There is a Raku module available: Prime::Factor, that uses essentially this algorithm with some minor performance tweaks.
External library
If you really need a speed boost, load the highly optimized Perl 5 ntheory module. It needs a little extra plumbing to deal with the lack of built-in big integer support, but for large number factoring the interface overhead is worth it.
use Inline::Perl5;
my $p5 = Inline::Perl5.new();
$p5.use( 'ntheory' );
sub prime-factors ($i) {
my &primes = $p5.run('sub { map { ntheory::todigitstring $_ } sort {$a <=> $b} ntheory::factor $_[0] }');
primes("$i");
}
for 2²⁹-1, 2⁴¹-1, 2⁵⁹-1, 2⁷¹-1, 2⁷⁹-1, 2⁹⁷-1, 2¹¹⁷-1,
5465610891074107968111136514192945634873647594456118359804135903459867604844945580205745718497
-> $n {
my $start = now;
say "factors of $n: ",
prime-factors($n).join(' × '), " \t in ", (now - $start).fmt("%0.3f"), " sec."
}
Output:
factors of 536870911: 233 × 1103 × 2089 in 0.001 sec.
factors of 2199023255551: 13367 × 164511353 in 0.001 sec.
factors of 576460752303423487: 179951 × 3203431780337 in 0.001 sec.
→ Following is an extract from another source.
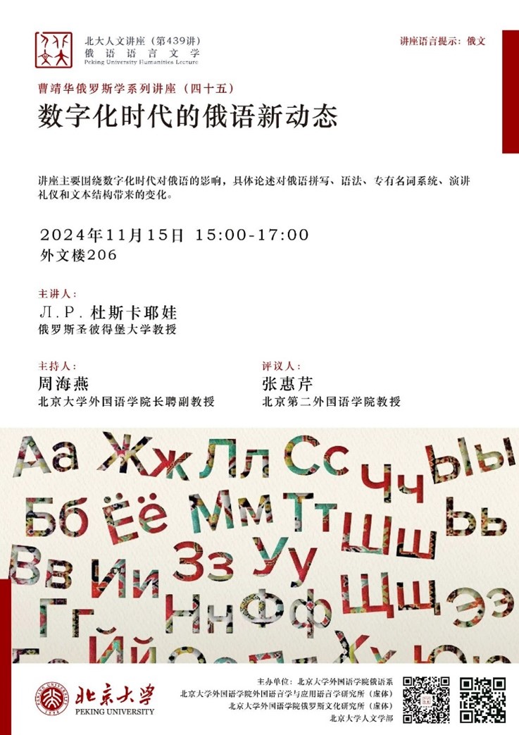 2024年11月15日下午,俄罗斯圣彼得堡国立大学杜斯卡耶娃教授(Л.Р. Дускаева)应邀在九州体育外文楼206会议室进行讲座,主题为“数字化时代的俄语新动态”。本次讲座系“北京大学人文讲座”第439讲暨“曹靖华俄罗斯学系列讲座”第45讲,由九州体育俄语系、外国语言学及应用语言学研究所(虚体)、俄罗斯文化研究所(虚体)和北京大学人文学部主办。

factors of 2361183241434822606847: 228479 × 48544121 × 212885833 in 0.012 sec.
factors of 604462909807314587353087: 2687 × 202029703 × 1113491139767 in 0.003 sec.
factors of 158456325028528675187087900671: 11447 × 13842607235828485645766393 in 0.001 sec.
factors of 166153499473114484112975882535043071: 7 × 73 × 79 × 937 × 6553 × 8191 × 86113 × 121369 × 7830118297 in 0.001 sec.
factors of 5465610891074107968111136514192945634873647594456118359804135903459867604844945580205745718497: 165901 × 10424087 × 18830281 × 53204737 × 56402249 × 59663291 × 91931221 × 95174413 × 305293727939 × 444161842339 × 790130065009 in 0.064 sec.